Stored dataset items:
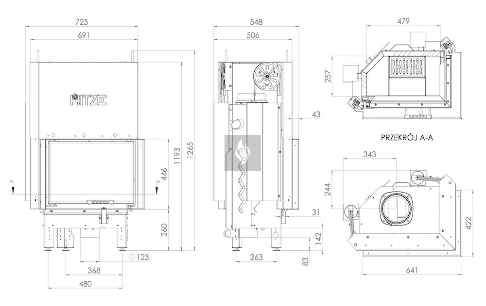 A kerámia betét felhalmozza a hőt és akár 1000°C-ig ellenáll a hőmérsékletnek. A klasszikus hatszögletű égéstér kisebb mérete magasabb égési hőmérsékletet eredményez. A rács és a hamutálca megkönnyíti a hamu eltávolítását és a fa maradványainak összegyűjtését. Az AL120x43 modell kivételével, amely nem rendelkezik ráccsal.
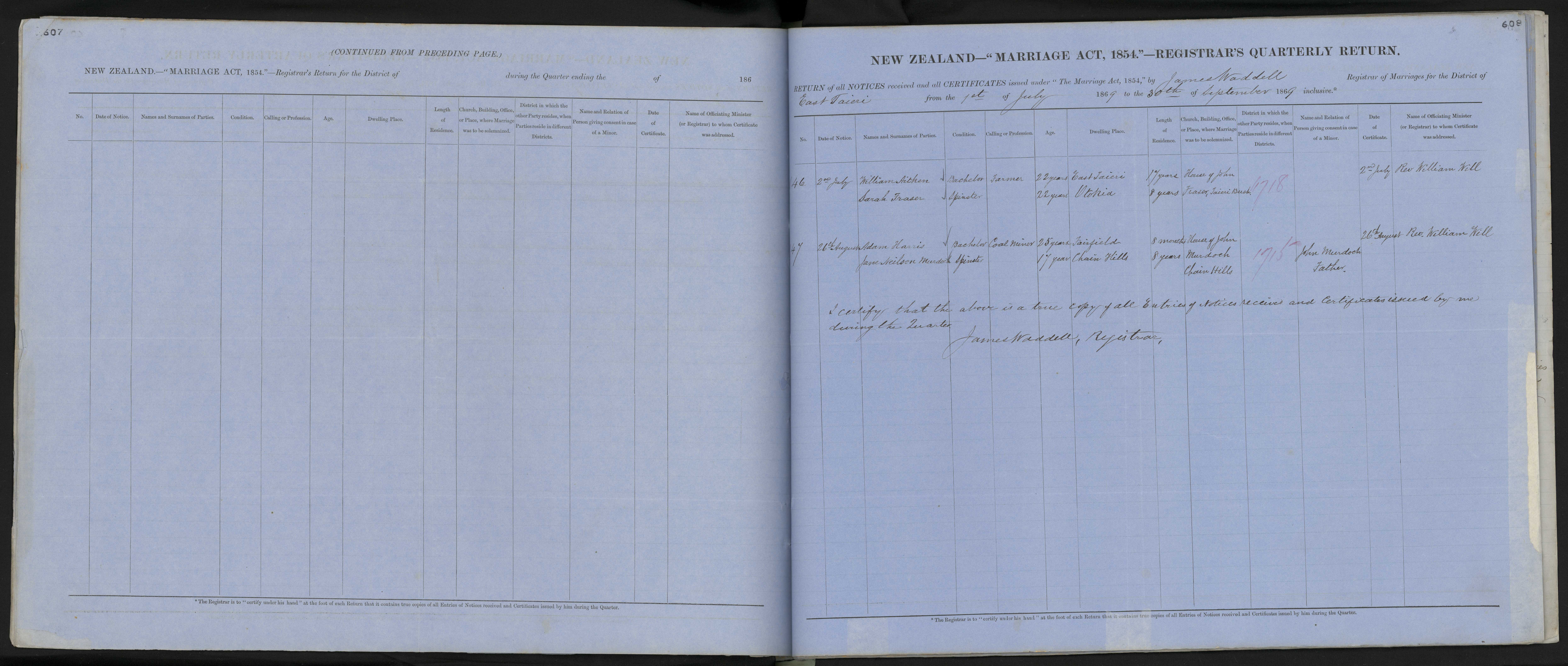 District of East Taieri Quarter ending 30 September 1869 Registrar James Waddell
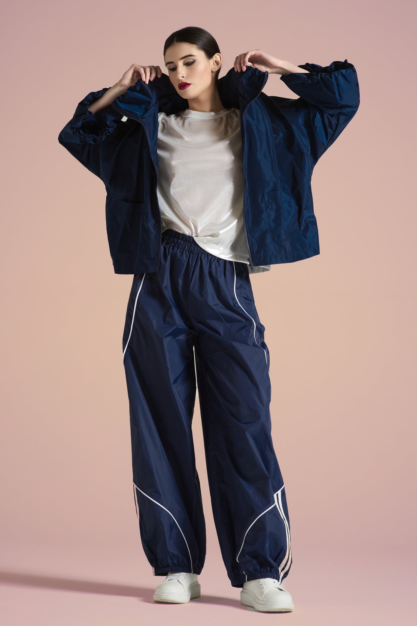 Giacca in tessuto tecnico , leggera e protettiva, dalla mano liscia e dall’aspetto lucido. Modello a volume ampio con spalle scese, pensato per una vestibilità comoda e contemporanea.
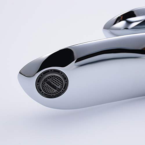 【Materiale Sicuro e ad Alta Qualità】Questo rubinetto per lavabo da bagno è fatto di 59 ottone ad alta qualità con rivestimento di cromo nichelato. La placcatura in nichel migliora la resistenza alla corrosione e aiuta a mantenere lucentezza a lungo termine, non piombo e mercurio, quindi può offrire un rubinetto elegante e bello che è in grado di ottenere acqua più pura. Contenuto di piombo basso può evitare efficacemente danni di piombo eccessivo alla salute umana
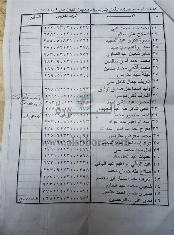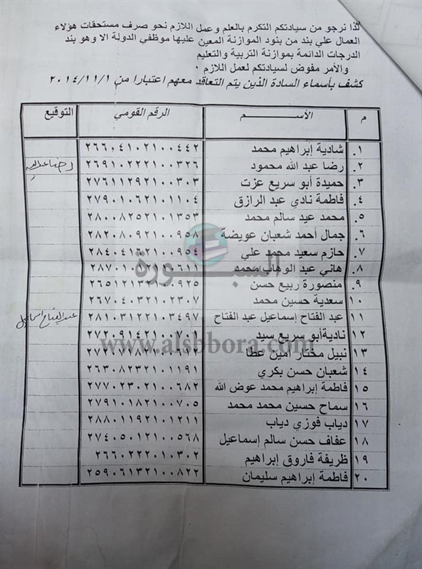 وقال فؤاد اسماعيل، عامل بمدرسة السيدة عائشة بالصف، أنهم كعمال تم التعاقد مهم على بند انفلوانزا الخنازير على صندوق محافظة حلووان قبل ثورة يناير ثم بعد عودة الصف الى محافظة الجيزة تم نقلنا لمديرية تعليم الجيزة وتم صرف مستحقاتنا على بند 3/10 اشراف وتدريس الى ان صدر قرار تعييننا على بند 1/1 مرتبات اساسية فصل مستقل للصناديق الخاصة بالباب الاول والاجور والتعويضات للعاملين بموازنة مديرية تعليم الجيزة للسنة المالية 2013/2014 .
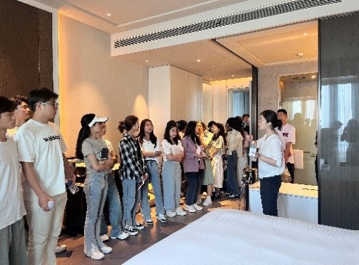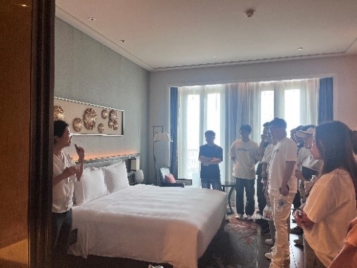 在青岛融创施柏阁,酒店人力资源部门经理带学生参观了客房部,并在过程中详细介绍房间设施,耐心讲解满足不同宾客多样化需求的方法路径。“客房是宾客在酒店逗留时间最长的空间,是酒店的存在基础,客房服务质量决定着宾客的居住体验,直接影响着外界对酒店的价值评判。因此,客房的清洁卫生是否到位,装饰布置是否美观宜人,设备与物品是否齐全完好,服务人员的服务态度是否热情周到,服务项目是否周全丰富等因素至关重要。”通过观听讲解,同学们对客房部的地位作用有了更清晰具体的认知。
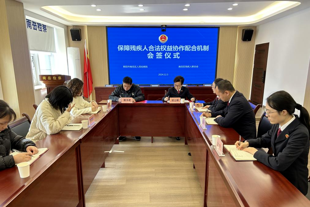 今年12月3日是第33个国际残疾人日。12月3日,南岳区人民检察院与南岳区残联共同签署了《关于建立保障残疾人合法权益协作配合机制的意见》。这也是南岳区人民检察院扎实推进“检护民生”专项行动的又一重要举措。
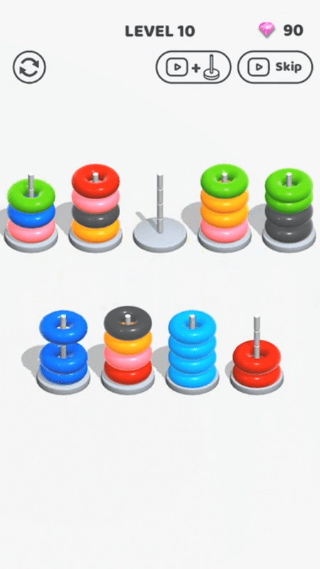 Color Hoop Stack - Sort Puzzle is a classic puzzle game on arcade. It's likewise a way to deliberately immerse yourself. You need the colors of the hoops sorted. And every hoop can only move to the same colored hoop, different colors can not switch. You can go through it until all the colors are on their shelves.
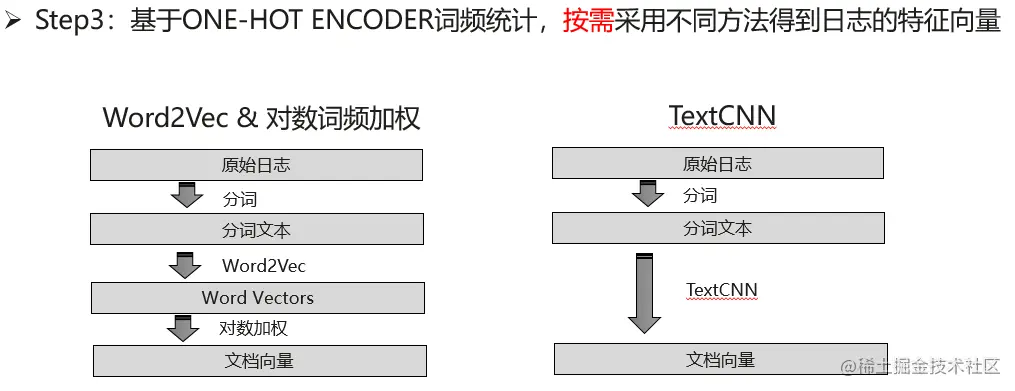 日志文本特征向量构建主要选取了基于word2vec的向量化方法和基于TextCNN的向量化方法来。日志文档特征向量是利用word2vec方法生成的词向量与对数词频加权平均后的结果,以及TextCNN直接生成文档向量。
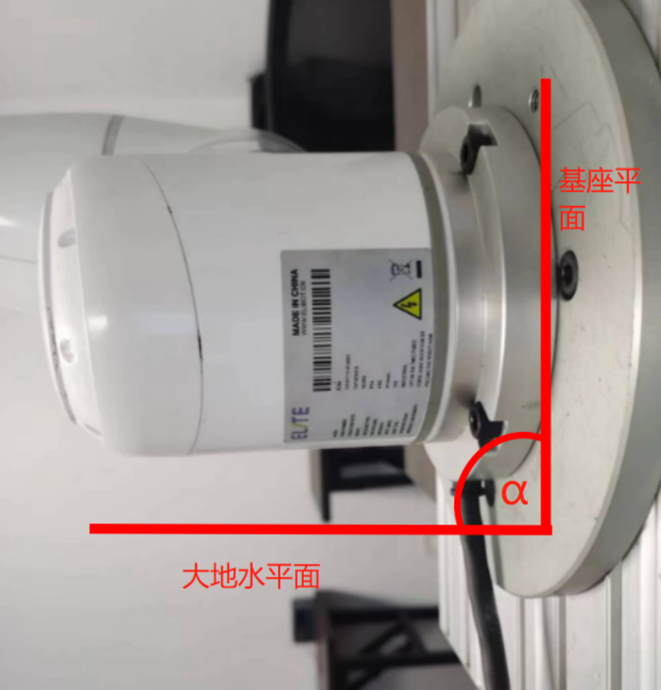 偏转角度指的是机器人基座平面与大地水平面的夹角α,如下图:

# Task:
Within the entries above, give again exactly the lines starting at the one that contains "District of East" and ending at the one that contains "在青岛融创施柏阁,酒店人力资", leaving out the pictures.

# Response box:
 District of East Taieri Quarter ending 30 September 1869 Registrar James Waddell
 Giacca in tessuto tecnico , leggera e protettiva, dalla mano liscia e dall’aspetto lucido. Modello a volume ampio con spalle scese, pensato per una vestibilità comoda e contemporanea.
 【Materiale Sicuro e ad Alta Qualità】Questo rubinetto per lavabo da bagno è fatto di 59 ottone ad alta qualità con rivestimento di cromo nichelato. La placcatura in nichel migliora la resistenza alla corrosione e aiuta a mantenere lucentezza a lungo termine, non piombo e mercurio, quindi può offrire un rubinetto elegante e bello che è in grado di ottenere acqua più pura. Contenuto di piombo basso può evitare efficacemente danni di piombo eccessivo alla salute umana
 وقال فؤاد اسماعيل، عامل بمدرسة السيدة عائشة بالصف، أنهم كعمال تم التعاقد مهم على بند انفلوانزا الخنازير على صندوق محافظة حلووان قبل ثورة يناير ثم بعد عودة الصف الى محافظة الجيزة تم نقلنا لمديرية تعليم الجيزة وتم صرف مستحقاتنا على بند 3/10 اشراف وتدريس الى ان صدر قرار تعييننا على بند 1/1 مرتبات اساسية فصل مستقل للصناديق الخاصة بالباب الاول والاجور والتعويضات للعاملين بموازنة مديرية تعليم الجيزة للسنة المالية 2013/2014 .
 在青岛融创施柏阁,酒店人力资源部门经理带学生参观了客房部,并在过程中详细介绍房间设施,耐心讲解满足不同宾客多样化需求的方法路径。“客房是宾客在酒店逗留时间最长的空间,是酒店的存在基础,客房服务质量决定着宾客的居住体验,直接影响着外界对酒店的价值评判。因此,客房的清洁卫生是否到位,装饰布置是否美观宜人,设备与物品是否齐全完好,服务人员的服务态度是否热情周到,服务项目是否周全丰富等因素至关重要。”通过观听讲解,同学们对客房部的地位作用有了更清晰具体的认知。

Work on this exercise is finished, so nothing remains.